**** Data for this task ****

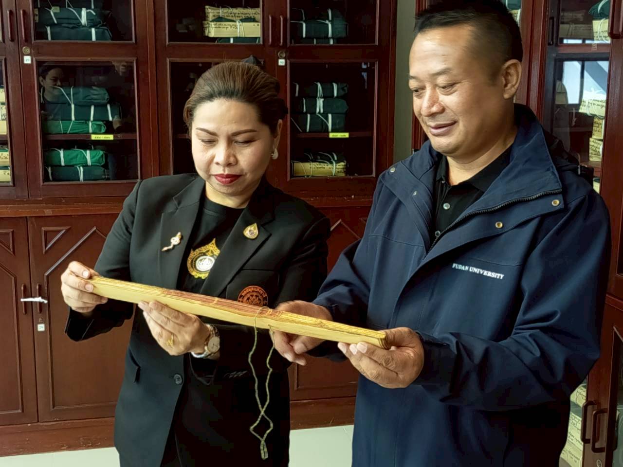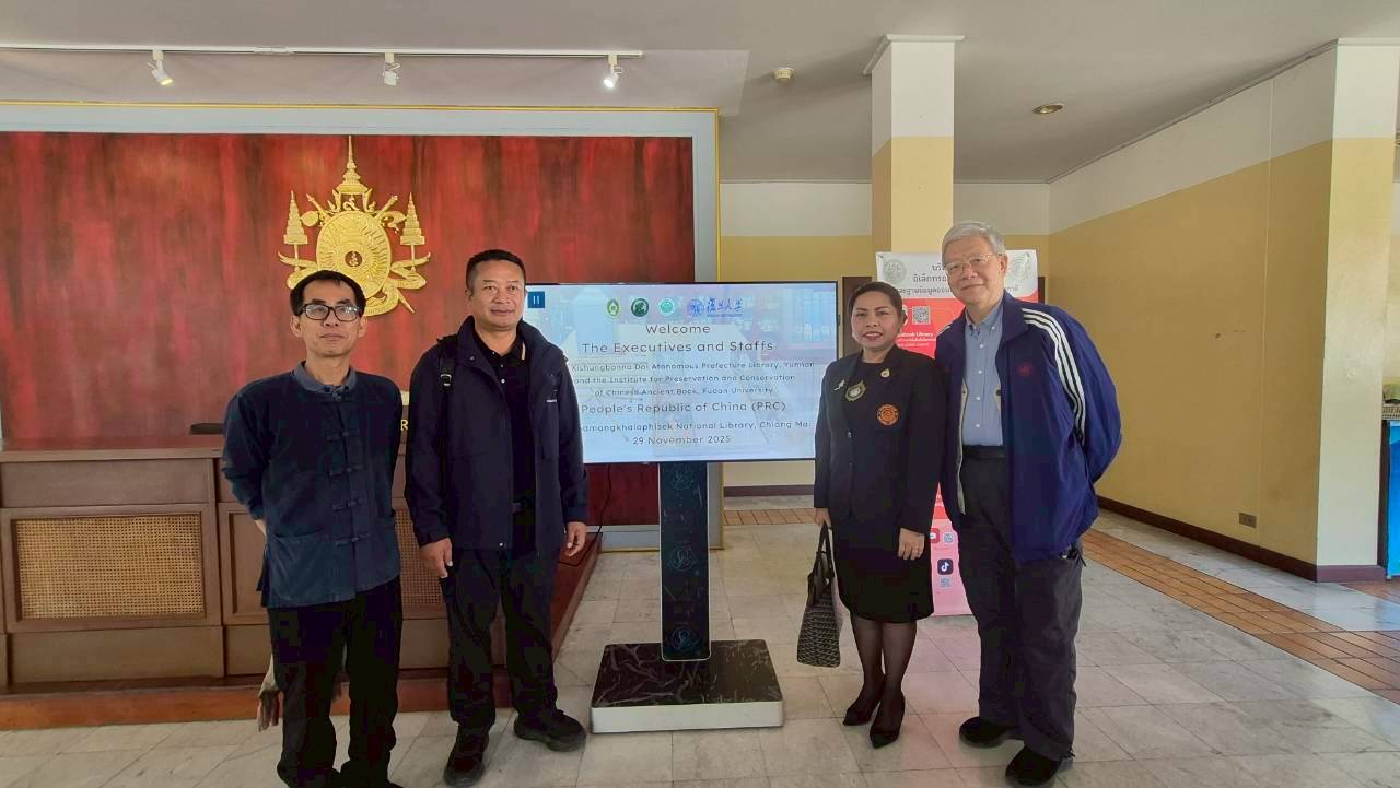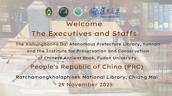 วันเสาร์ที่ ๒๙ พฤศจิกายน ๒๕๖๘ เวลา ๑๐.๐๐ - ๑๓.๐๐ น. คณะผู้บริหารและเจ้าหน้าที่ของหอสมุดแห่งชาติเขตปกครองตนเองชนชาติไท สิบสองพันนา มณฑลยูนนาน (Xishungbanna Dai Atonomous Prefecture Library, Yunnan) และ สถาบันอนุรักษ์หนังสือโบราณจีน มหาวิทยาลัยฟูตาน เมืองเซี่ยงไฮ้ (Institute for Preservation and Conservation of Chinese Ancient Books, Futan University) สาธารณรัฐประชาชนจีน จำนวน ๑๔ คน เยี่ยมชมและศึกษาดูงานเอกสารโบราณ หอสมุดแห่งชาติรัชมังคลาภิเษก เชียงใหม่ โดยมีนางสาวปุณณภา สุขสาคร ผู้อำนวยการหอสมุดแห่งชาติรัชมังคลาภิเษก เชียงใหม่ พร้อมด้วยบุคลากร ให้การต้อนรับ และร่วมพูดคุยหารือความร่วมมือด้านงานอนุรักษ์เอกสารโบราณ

****
**** Data for this task ****

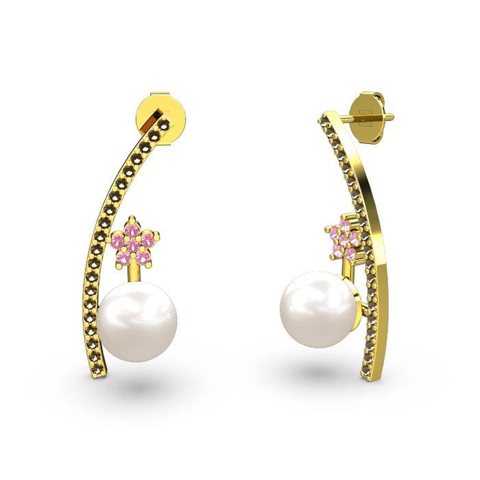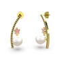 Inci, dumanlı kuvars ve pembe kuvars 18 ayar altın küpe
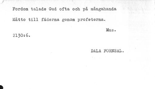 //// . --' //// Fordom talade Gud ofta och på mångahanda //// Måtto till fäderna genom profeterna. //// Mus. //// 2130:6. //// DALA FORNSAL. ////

****
**** Data for this task ****

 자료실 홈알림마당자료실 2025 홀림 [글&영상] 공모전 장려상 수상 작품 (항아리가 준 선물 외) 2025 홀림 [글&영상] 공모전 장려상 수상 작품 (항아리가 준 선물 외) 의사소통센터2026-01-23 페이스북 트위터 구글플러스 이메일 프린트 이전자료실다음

****

■ **Work item**
Quote the data above exactly from the line with "Inci, dumanlı kuvars" to the line with "DALA FORNSAL. ////", both ends counted, and nothing else. Pictures don't go in.

■ **Result for this task**
 Inci, dumanlı kuvars ve pembe kuvars 18 ayar altın küpe
 //// . --' //// Fordom talade Gud ofta och på mångahanda //// Måtto till fäderna genom profeterna. //// Mus. //// 2130:6. //// DALA FORNSAL. ////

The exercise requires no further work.